**WHAT TO DO:** The answer is to be the lines below that lie between the line holding "[대전 세계타임즈=이장성 기자]" and the line holding "甘みと酸味のバランスが魅力の", inclusive, transcribed exactly and free of pictures.

---*---

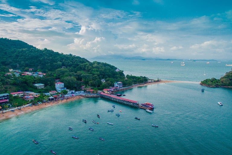 Ubicación y Descripción: La Isla Taboga, conocida como la "Isla de las Flores", está situada en el golfo de Panamá, a solo 12 millas de la ciudad de Panamá. Este encantador destino es famoso por su rica historia, exuberante vegetación, playas de arena dorada y aguas tranquilas. Con una combinación perfecta de belleza natural y encanto histórico, Isla Taboga es un refugio perfecto para aquellos que buscan escapar del bullicio de la ciudad.
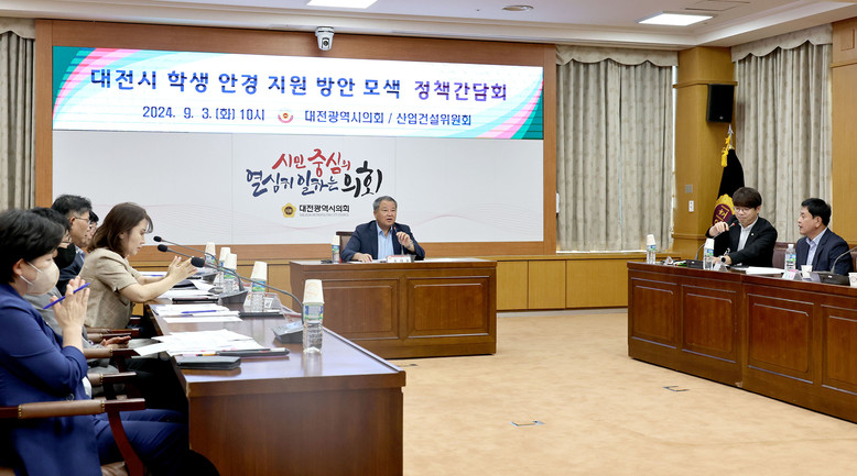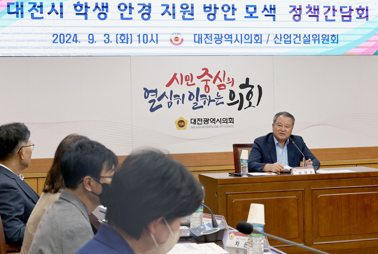 [대전 세계타임즈=이장성 기자] 대전시의회는 3일 시의회 소통실에서 송대윤 의원(더불어민주당, 유성구 2)주재로 ‘대전시 학생 안경 지원 방안 모색 정책간담회'를 개최했다.
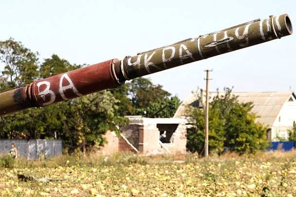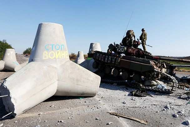 Танк украинских военных 5 сентября на въезде в Мариуполь врезался в противотанковый ёж, украшенный изображениями голубей и призывами к миру.
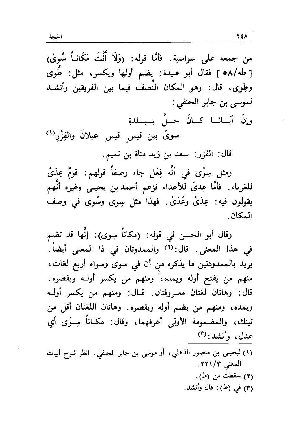 وقال أبو الحسن في قوله: (مكانا سوى): إنّها قد تضم في هذا المعنى. قال: «2» والممدودتان في ذا المعنى أيضا.
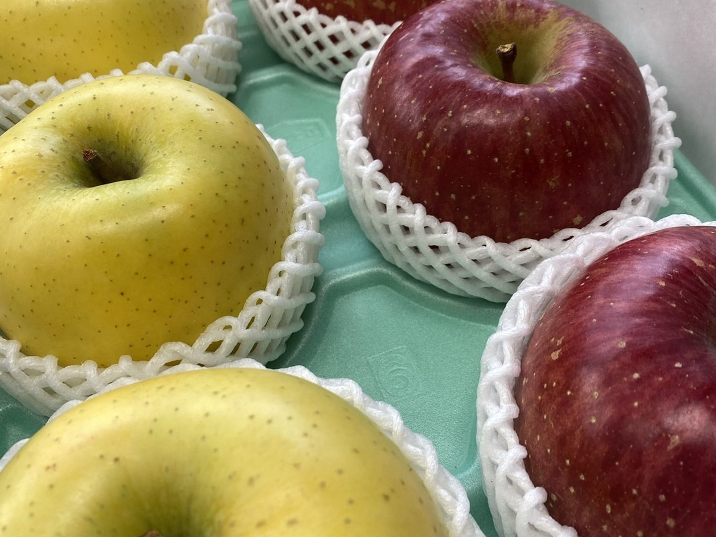 甘みと酸味のバランスが魅力の赤いりんご「サンふじ」と、爽やかな香りが特徴の黄色いりんご「シナノゴールド」の2つの品種の食べ比べセットです。
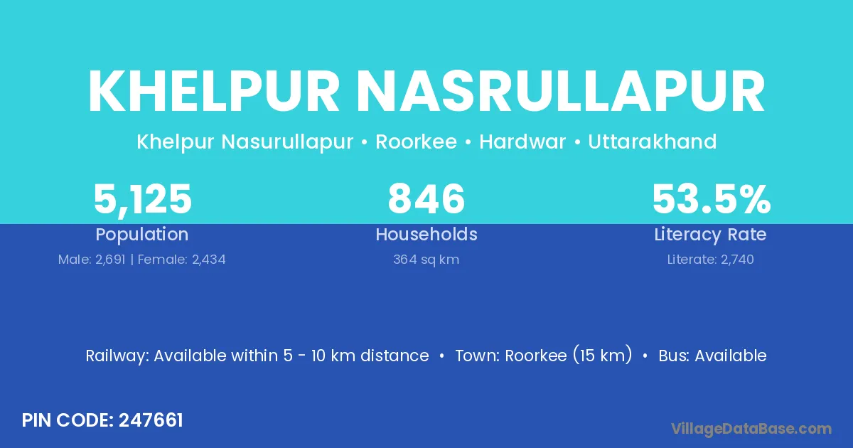 Roorkee (15 km) is the nearest town to Khelpur Nasrullapur village for major economic activities and is located approximately 15 km away.

---*---

**RESPONSE:**
 [대전 세계타임즈=이장성 기자] 대전시의회는 3일 시의회 소통실에서 송대윤 의원(더불어민주당, 유성구 2)주재로 ‘대전시 학생 안경 지원 방안 모색 정책간담회'를 개최했다.
 Танк украинских военных 5 сентября на въезде в Мариуполь врезался в противотанковый ёж, украшенный изображениями голубей и призывами к миру.
 وقال أبو الحسن في قوله: (مكانا سوى): إنّها قد تضم في هذا المعنى. قال: «2» والممدودتان في ذا المعنى أيضا.
 甘みと酸味のバランスが魅力の赤いりんご「サンふじ」と、爽やかな香りが特徴の黄色いりんご「シナノゴールド」の2つの品種の食べ比べセットです。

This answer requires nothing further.